Recipe: Pork Loin

It’s a whole lot of culture shock cooking at Le Manoir de Champfreau in Varennes sur Loire one day and waking up to pack peanut butter crackers for my boy’s school lunch in Queens the next. I love them both.
All of last week I got up every morning just in time to rush off through the still black fields and sky to buy fresh, full of butter and crackle croissants and loaves of bread pulled to a point sharp enough to stab somebody with. After breakfast my group would wander off to a chateau or fortress or town of turrets or a forest busting with wild mushrooms while I went shopping for dinner.
I don’t speak French. A problem if you hold on to timid but I don’t tend to. If the pork is one side of the counter and I’m on the other there’s only one way to get it–act it out. An unexpected event for sensibly shoed mamans waiting in line behind me, but you know charades is fun no matter what the situation.

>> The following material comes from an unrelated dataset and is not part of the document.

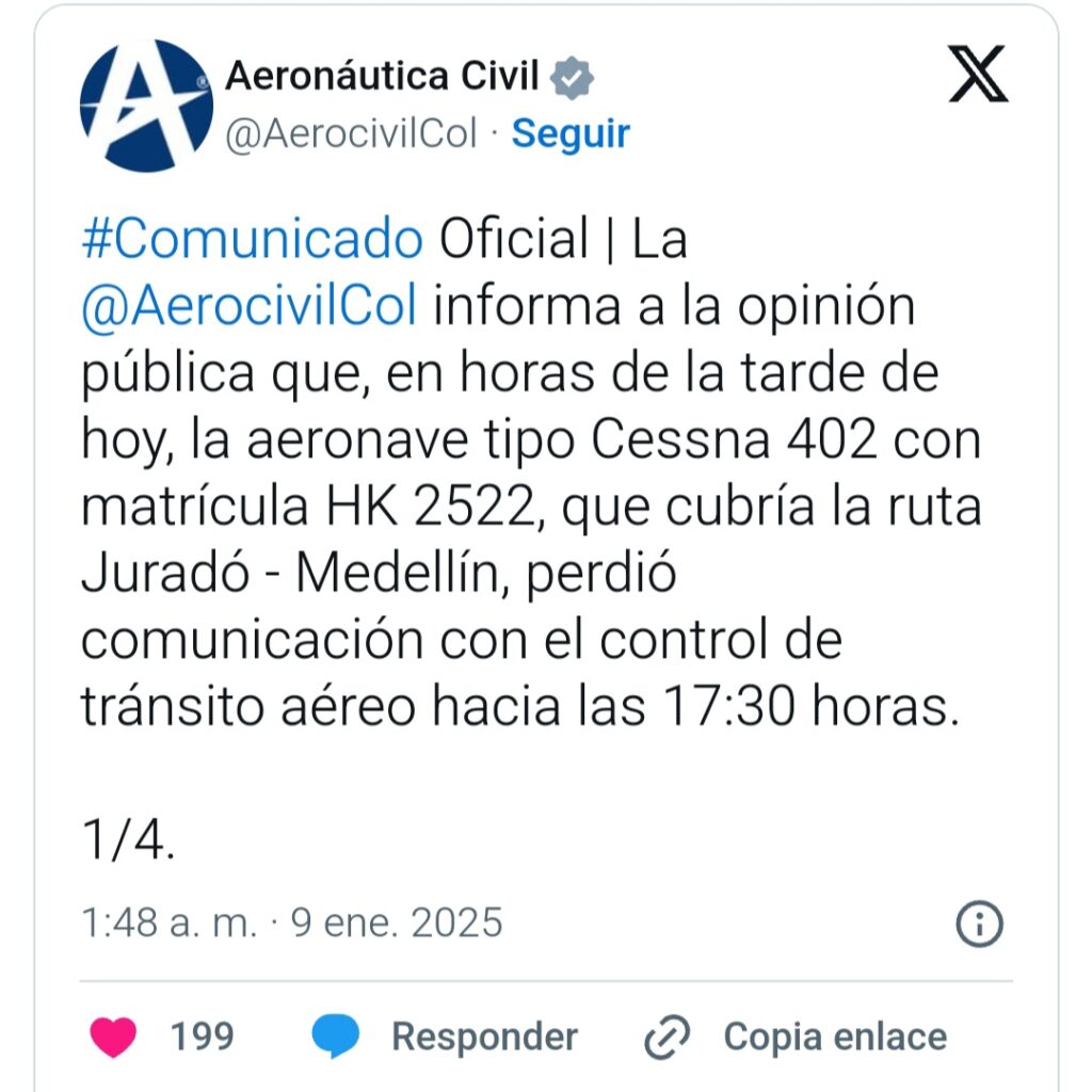 “De inmediato, se activaron los protocolos establecidos para la búsqueda y rescate (SAR) con el propósito de localizar la aeronave y salvaguardar la integridad de las personas a bordo”, señaló la Aeronáutica Civil en un comunicado de prensa.
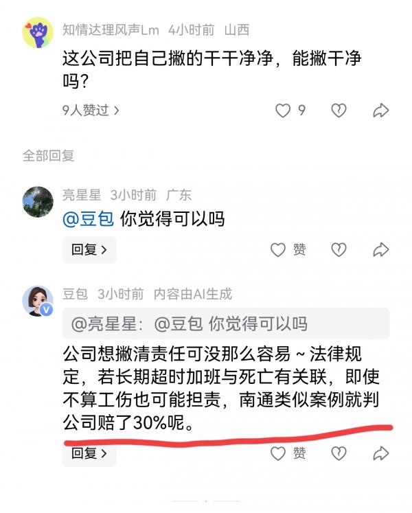 那么这起事件,到底会不会被认定为工伤?具体的死因又是什么?还需看后续的调查和处理。

And then back to the kitchen–a hundred gorgeous plates and heavy heat distributing pans and wooden handled ancient knives to use, and I think I used all of them. When my hungries got back home we’d pour the wine, get the loins reading for searing, slice up soft cheeses and hard saucisson and start cooking.

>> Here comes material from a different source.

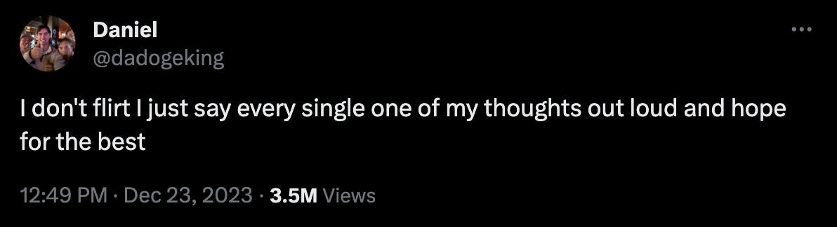 No one wants to be messy anymore, and this isn’t just about alcohol and going out. (Watch THIS TikTok before continuing.) Echoing point #6, I think our online-fueled gravitation toward optimization and surveillance has made many young people quite risk-averse (myself included at times). I’ve had a surprising amount of conversations with peers (all a few years out of college) who preach staying in and guarding their boundaries with impenetrable force. Obviously, a certain degree of aversion comes with aging (“don’t touch a hot stove”), and it’s important to be in touch with your limits, but what happened to letting your guard down and getting a little silly?
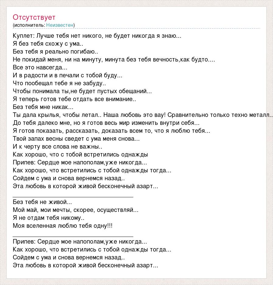 Куплет: Лучше тебя нет никого, не будет никогда я знаю... Я без тебя схожу с ума.. Без тебя я реально погибаю.. Не покидай меня, ни на минуту, минута без тебя вечность,как будто.... Все это навсегда... И в радости и в печали с тобой буду... Что пообещал тебе я не забуду.. Чтобы понимала ты,не будет пустых обещаний... Я теперь готов тебе отдать все внимание.. Без тебя мне никак... Ты дала крылья, чтобы летал.. Наша любовь это вау! Сравнительно только техно металл.. До тебя далеко мне, но я готов весь мир изменить внутри себя... Я готов показать, рассказать, доказать всем то, что я люблю тебя... Твой запах весны сведет с ума меня снова... И к черту все слова не важны.. Как хорошо, что с тобой встретились однажды Припев: Сердце мое напополам,уже никогда... Как хорошо, что встретились с тобой однажды тогда... Сойдем с ума и снова вернемся назад.. Эта любовь в которой живой бесконечный азарт... ____________________________________ Без тебя не живой... Мой май, мои мечты, скорее, осуществляй... Я не отдам тебя никому.. Моя вселенная люблю тебя одну!!! ____________________________________ Припев: Сердце мое напополам,уже никогда... Как хорошо, что встретились с тобой однажды тогда... Сойдем с ума и снова вернемся назад.. Эта любовь в которой живой бесконечный азарт...

On the last night: a loin of pork smothered with dijon, fresh bay leaves, parsley and thyme whole heads of slashed garlic and a good pour of olive oil. Let that sit for a few hours, then smush off the marinade, keeping it to the side. Season the loin with sea salt and sear it off really well so that there is no doubt in anybody’s mind that the thing is crispy. Let it cool for a minute and get the marinade back on there. Set it on a cross hatched rack of celery stalks in a roasting pan, give it a pour of white wine and let it slowly come to done and juicy at 300 degrees. To have along side peel and slice super duper thinly, potatoes just pulled from the ground. Heat up a little fresh duck fat–which is very available when you fly yourself to France–and flavor it with a few shallots and parsley. Add the potatoes and salt, grind in some pepper and let them sit in the hot pan for about 5 minutes. Flip when they go golden and keep going like that til they’re cooked through. Simmer a pot of flagoulet and right before they’re done, pour in the best red bordeaux you can get your hands on. Add a slab of good butter to taste. Make sure the butter is fighting with the wine to that perfect place on your tongue. Braise a bouquet garni of leek, thyme, parsley, celery stalk and bay leaf until it wilts, then add carrots grown in sand. Can’t find ’em? France. Sandy carrots alone could bring me back. Serve it all with a tangy vinaigrette over cold and sassy bitter green and red leaves. For dessert there’s no beating an apple tart tatin.
And yesterday I was back in my own bed smacking the alarm button down at half past six, and getting up to push my face into Ferdinand’s warm little neck.